We are going through James at church and while I'll never understand the book- it's sometimes more confusing than revelation to me- but I need to hear what is being taught. My pastors are very focused on the gospel, so I knew messages that I heard at conferences or in my former church on James would not sound like what my pastors would be saying at my gospel-driven church.

I use the term gospel somewhat loosely- I think most reformed people do. But yet, it is a simple truth. And the gospel means BIG (and has not so simple ramifications) things. If I really trust the gospel, my life will be radically different. And James I think is saying just that. How will I treat orphans and widows if I trust the gospel? How will I spend my money if I trust the gospel? The gospel is hard. Its not easy. The gospel ravishes lives. The more you understand the gospel, the more you are changed not by being more moral, but by being more godly. But what does that mean, and what does that look like?

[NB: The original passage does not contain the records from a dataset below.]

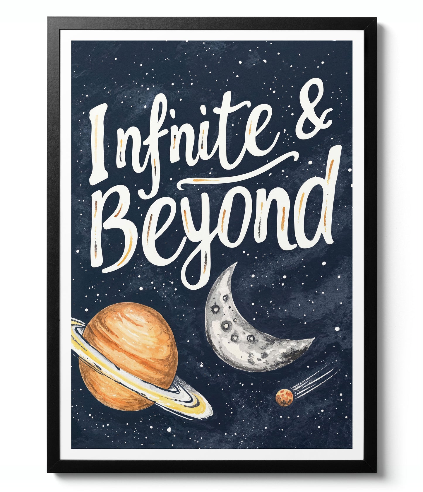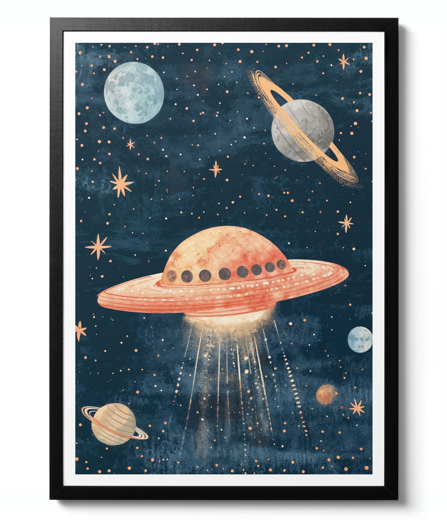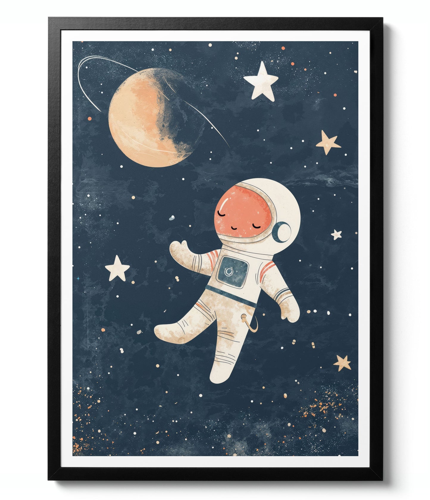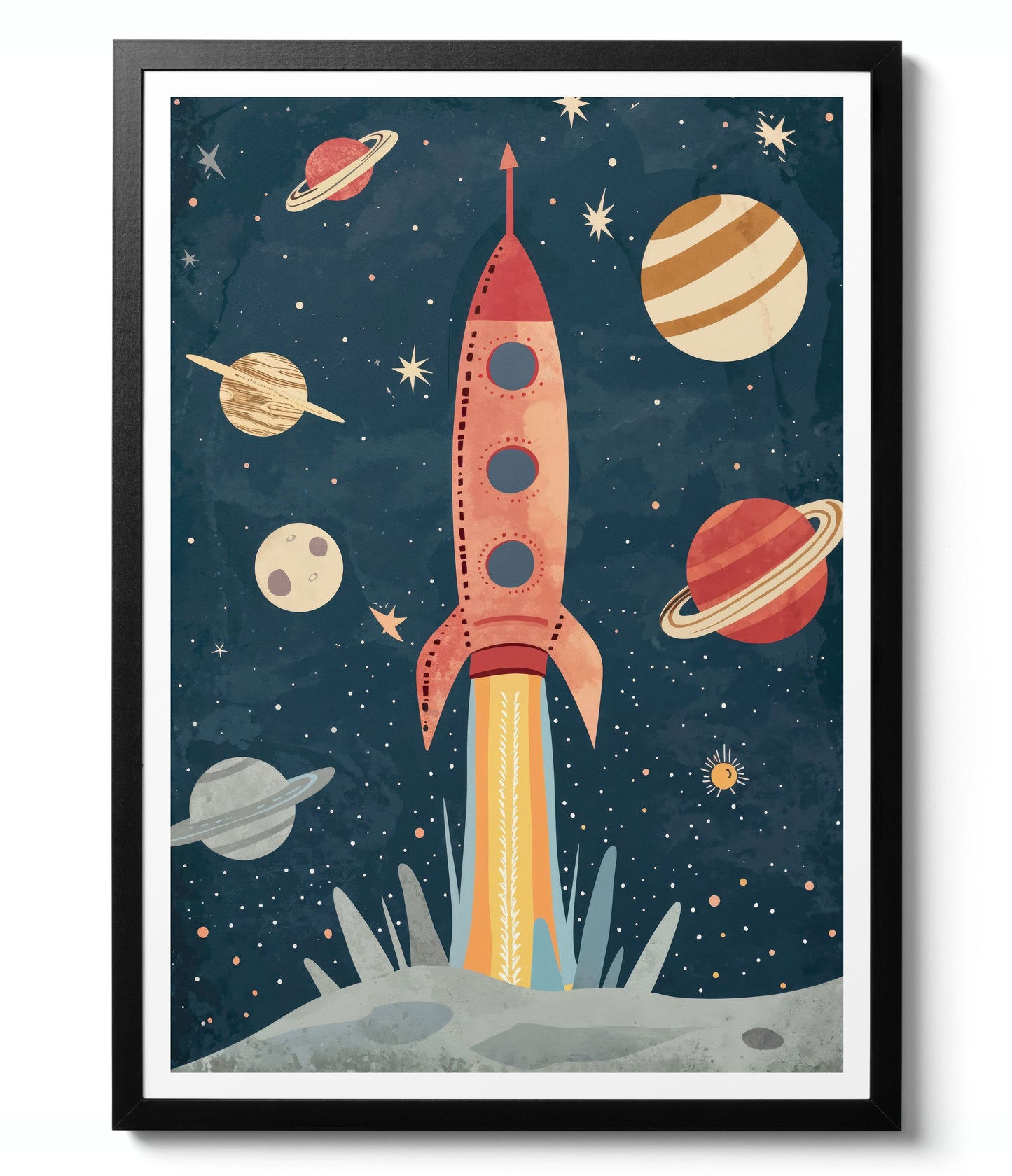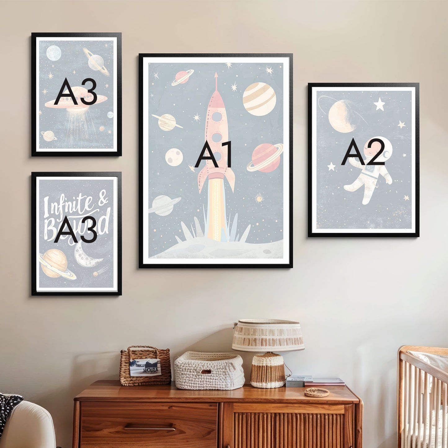 This set of nursery wall art posters features a space theme with rockets, planets, and an astronaut. The prints have a whimsical design, ideal for kids’ rooms. Each piece is made with high-quality materials, offering vibrant colours and durability. Perfect for creating a space-themed gallery wall. Suitable for children's spaces, enhancing creativity and imagination.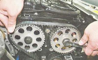 5. Поворачивая шкивы ключом на 17 мм, натягиваем правую ветвь ремня ГРМ, не допуская поворачивания шкива коленвала и полностью одеваем ремень ГРМ на шкив распредвала выпускных клапанов.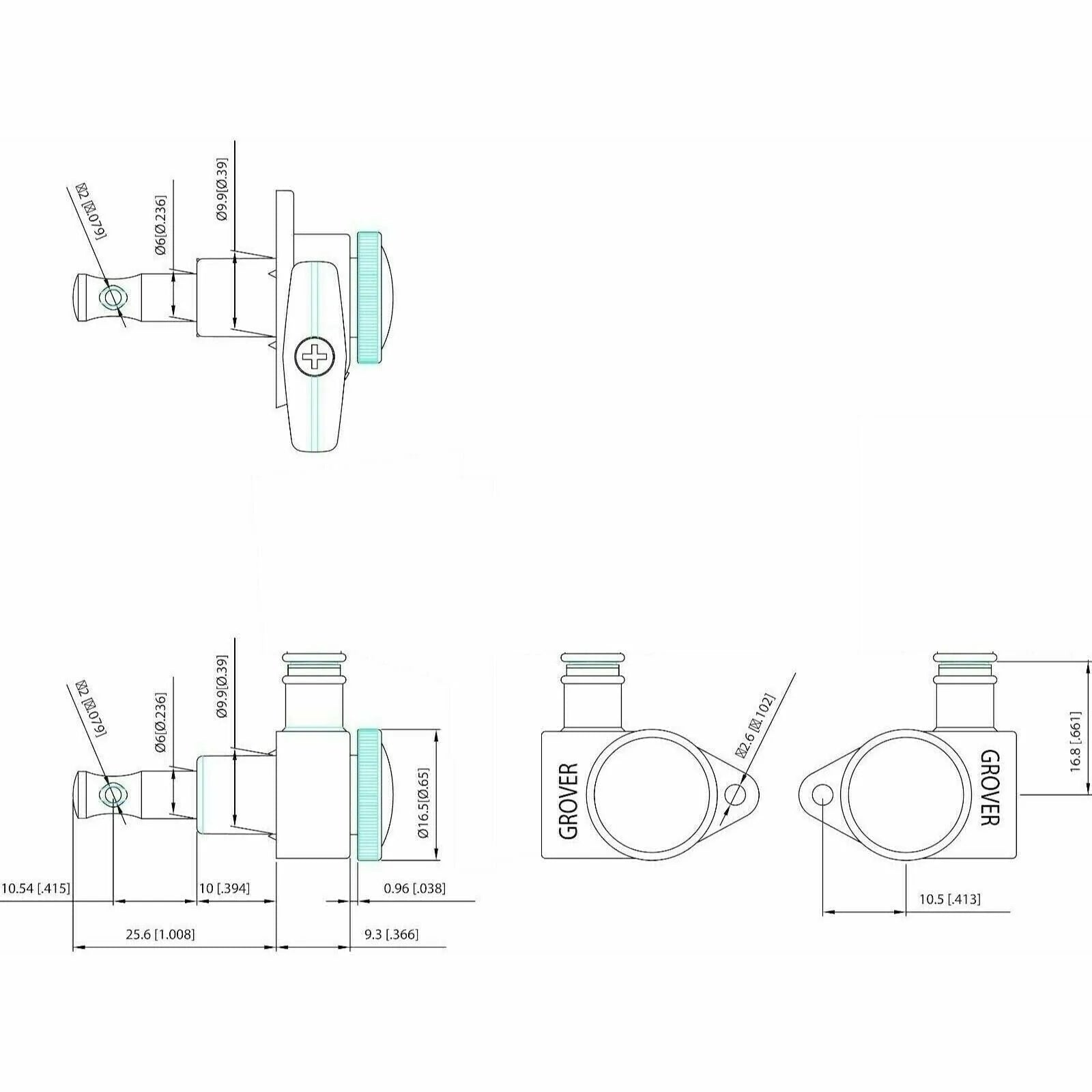 These locking machine heads utilize the famous 18:1 Rotomatic® design with a “thumb screw” mechanism which locks the string into place. Insert the string through the post hole, wrap around once, then lock by tightening with the thumb screw. Perfect replacement for the most standard machine heads. Includes all mounting hardware.
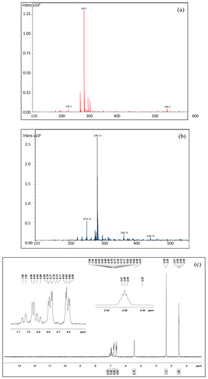Figure 2a,b shows the LC-MS spectra of the synthesized ACAT. It can be seen that the maximum intensity in the MS+ spectrum occurred at 289.1 m/z, while the maximum in the MS- spectrum occurred at 286.9 m/z. These results suggest that the synthesized powder is ACAT. In theory, the molecular weight of ACAT is 288 g mol−1. The peak shifted by +/−1 which could be attributed to H.

My friend agreed. It's tough. And as odd as it sounds, it's hard to take the gospel at face value because it's free to us and it frees us. It's like, in our sinful nature, we like being in bondage. We like feeling like we owe God something or can do something to earn his favor(even as saved individuals) because it appeases our desire to "feel good" about ourselves. But that good feeling is very human- not Christ-centered. A wise man once said, "You can't let go of self-love until you see God's love is there to catch you."  What an amazing God to love us in spite of ourselves. I believe Lord, help my unbelief.